Шум, гул, возбуждение в группе старших офицеров.
– И вы, женщины, так называемые итальянки, жалующиеся на недостаток сахара, вы никогда не интересовались в своей безграничной глупости, достаточно ли у вас в башке соли для жизни? Помните, что мы продолжаем воевать и одержим победу в этой войне, защищая и спасая, таким образом, не только свободу мысли и духа в мире, но также любую гибкость и шик, к которым вы так привыкли, ваши наряды и ваши дома от профессорской тяжести, неповоротливости и гротескной немецкой нелепости!.. Я вижу в вас больше чревоугодия, чем любви к элегантности, причём тем больше, чем ближе время завтрака.
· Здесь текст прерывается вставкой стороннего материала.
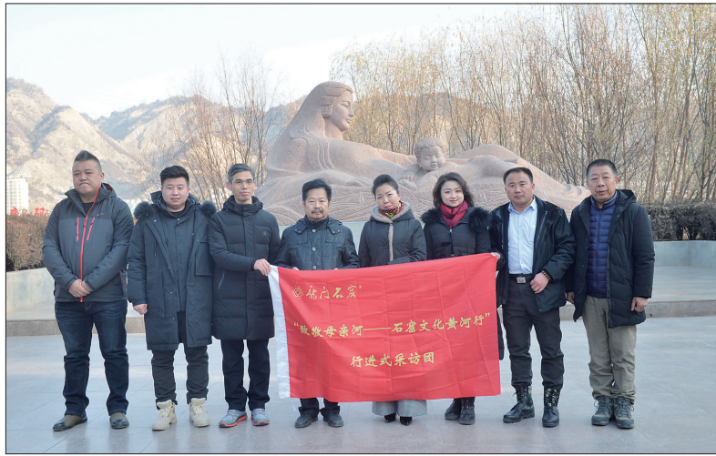
采访团在兰州黄河母亲像前合影

Чтобы отблагодарить вас за ваши цветы, о псевдо-итальянки, мы, возвращаясь после победы, привезём вам кое-что, что заставит вас перестать жаловаться на недостаток масла… Мы притащим вам жирные австрийские трупы для ваших тартинок!.. До скорого.
По-видимому, нашему восьмому подразделению была предуготовлена высокая и славная участь. После великой победы, одержанной при Пьяве 15 июня, верховное командование тщательно разработало план генерального наступления, в особенности, с участием быстроходных войск, которые должны были совершить молниеносный бросок в первый же крупный прорыв на немецком фронте. Бронемашины, вместе с берсальерами-велосипедистами и кавалерией входили в состав этих быстроходных войск, однако, командование, по традиции, придавало огромное значение кавалерии и признавало минимальную и сомнительную значимость за бронемашинами. В военных кругах не верили в устойчивость брони не только к осколкам снарядов, но даже к пулемётному огню. Что может поделать бронемашина с пробитыми шинами? Каким образом можно будет использовать её быстроходность в случае разбитых дорог и переходов вброд?
Все эти возражения давили на нас, в то время как всё складывалось в пользу нашей скорой общей и личной победы. Действительно, 25 июля поступил приказ всему 8-му подразделению погрузиться в поезд. Мы бережём свои машины, которые, подобно гоночным Фиатам, должны прибыть на поле боя в абсолютной целости и сохранности. По прибытии к месту назначения 8-е подразделение сразу же должно пройти проверку готовности в серии кратких манёвров совместно с кавалерией и берсальерами-велосипедистами.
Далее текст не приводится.